Kneecap is a 2024 biographical comedy-drama film written and directed by Rich Peppiatt, depicting the rise of Kneecap, an Irish hip-hop trio from Belfast, Northern Ireland. The film stars the band members Liam Óg Ó hAnnaidh, Naoise Ó Cairealláin, and JJ Ó Dochartaigh as themselves, with Josie Walker, Fionnuala Flaherty, Jessica Reynolds, Adam Best, Simone Kirby, and Michael Fassbender in supporting roles.

Kneecap premiered at the 2024 Sundance Film Festival on 18 January, the first film in the Irish language to do so, where it won the NEXT Audience Award. Its Irish premiere, at the 36th edition of the Galway Film Fleadh, won Best Irish Film, the Audience Award and the Irish Language Feature Film Award. The film was released on 2 August 2024 in the United States by Sony Pictures Classics, on 8 August 2024 in Ireland, and in the United Kingdom on 23 August, by Wildcard Distribution and Curzon Film, respectively. It received nominations in six categories at the 78th British Academy Film Awards and was selected as the Irish entry for the Academy Award for Best International Feature Film at the 97th Academy Awards, but was not nominated.

==Plot==
In the late 2010s, Liam Óg Ó hAnnaidh and Naoise Ó Cairealláin are part of the post-Troubles "ceasefire generation" living in the Gaeltacht Quarter of Belfast, Northern Ireland. Growing up, they learnt to speak Irish from Naoise's father, Arlo, a former republican paramilitary who faked his death to evade British authorities. Consequently, Naoise's mother Dolores has become a recluse while Arlo lives in hiding, and is disappointed with his son's hedonistic lifestyle and lack of initiative.

One night, Liam is arrested at a drug-laden party; he later outrages the police with his refusal to speak English, insisting he can communicate only in Irish. JJ Ó Dochartaigh, a music teacher at an Irish-language immersion school, is summoned to serve as an interpreter during Liam's interrogation. He helps him avoid charges and hides a notebook of Liam's that he discovers contains drugs, slipping it into his pocket.

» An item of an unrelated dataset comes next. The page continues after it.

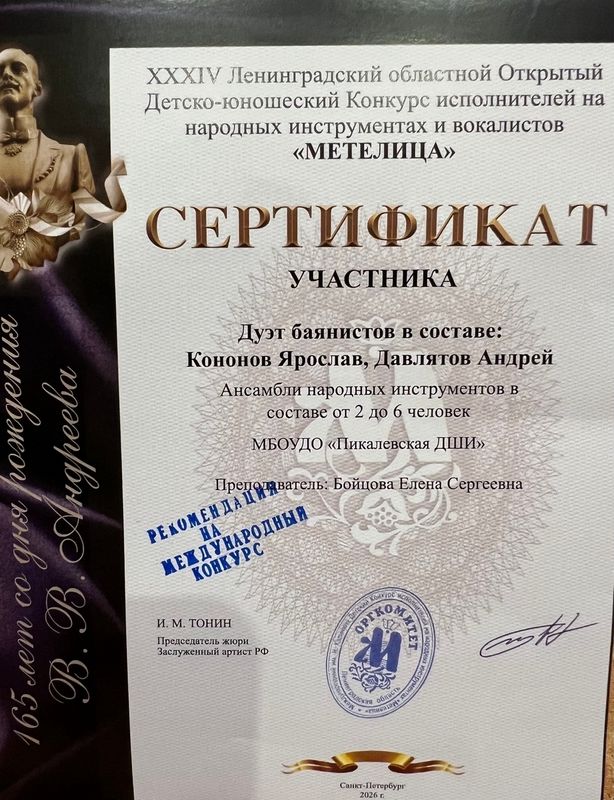 Наши дети-конкурсанты по итогам этого конкурса приглашены принять участие в Международном конкурсе "МЕТЕЛИЦА" ещё более высокого исполнительского уровня в г. Санкт-Петербурге 31 марта 2026 года.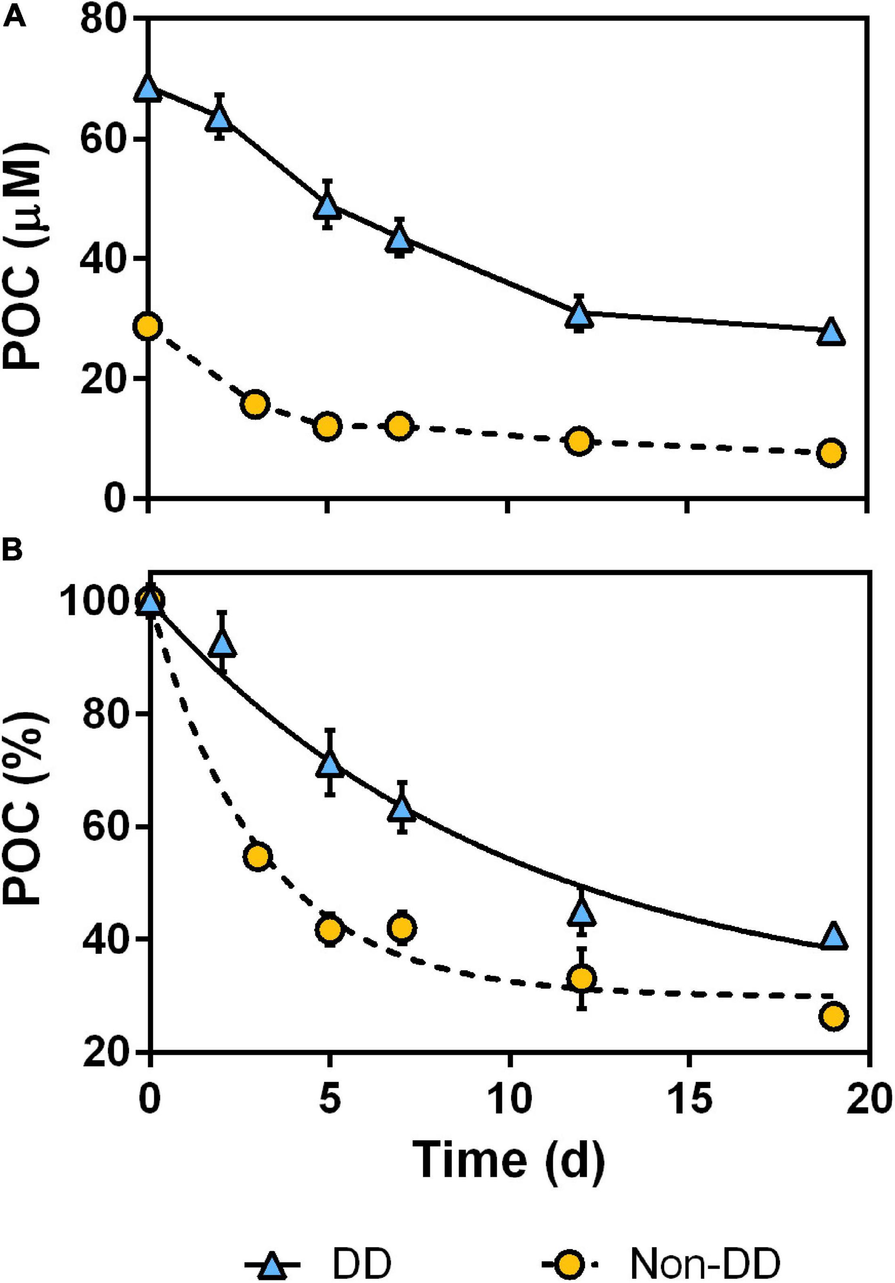 Losses in POC concentration during the experiment (Figure 5A) behaved similarly to those observed for TOC (Figure 4A) in the non-DD treatment, with most of the degradation taking place within the first 5 days of the experiment. The DD treatment showed an overall slower decrease for POC than for TOC, with little decrease during the first 2 days of dark incubation and a similar loss during the first 7 days than during the remaining of the experiment (Figure 5A). Examining the POC losses relative to the respective initial concentrations of each treatment (Figure 5B) helps to appreciate how much faster POC was degraded in the non-DD treatment: the decay curve fitted for the non-DD treatment had a decay constant (k) that was three times higher than that of the DD treatment (Table 2). The fraction of degradable POC however, was similar between treatments. Model comparisons between the two OC pools in each treatment (Table 2) revealed that, in the non-DD treatment, TOC and POC kinetic parameters were not statistically different, whereas in the DD treatment each OC pool had different degradation rates (k) and degradable fractions (OCreact).

JJ reads Liam's notebook, discovering satirical verses written in Irish. He decides to set them to music as rap lyrics, before approaching Liam and Naoise with the idea of forming an Irish-language hip-hop group, arguing that the music would be a way to promote the language to Millennials and Generation Z. Meanwhile, Liam begins a relationship with a Protestant girl named Georgia. Liam names the group "Kneecap", after the infamous punitive torture technique common in Northern Ireland during the Troubles.

The trio create a track together during an all-night, drug-fuelled recording session. They start performing live at a pub and their music draws crowds. However, JJ fears the damage to his teaching career that might result from a public connection with Kneecap's confrontational and blatantly political music; resultantly, he adopts the anonymous moniker of "DJ Próvaí", wearing an Irish tricolour balaclava to hide his face during gigs. He also conceals his involvement in the band from his girlfriend, Caitlin, who is heavily involved in the campaign for an Irish Language Act that would officially recognise the Irish language in Northern Ireland.

As Kneecap grow in popularity, they face controversy for promoting anti-social behaviour and outspoken republicanism in their lyrics. A dissident republican organisation calling themselves "Radical Republicans Against Drugs" (RRAD) threaten and attack Liam and Naoise. The garage containing Kneecap's recording studio and their recorded music is bombed, and the group believe RRAD is responsible.

Facing a tight deadline to produce a new track for RTÉ Raidió na Gaeltachta, the group break into the music department of the school where JJ works and record a song overnight using the equipment there, after which JJ announces he wishes to leave the group. The song is initially banned from the radio due to its explicit lyrics, but after Dolores organises a local protest campaign, the song is aired and becomes a hit. With his identity as DJ Próvaí now public, JJ is dismissed from his teaching job and Caitlin breaks up with him. With little left to lose and after some hesitation, JJ decides to rejoin Kneecap.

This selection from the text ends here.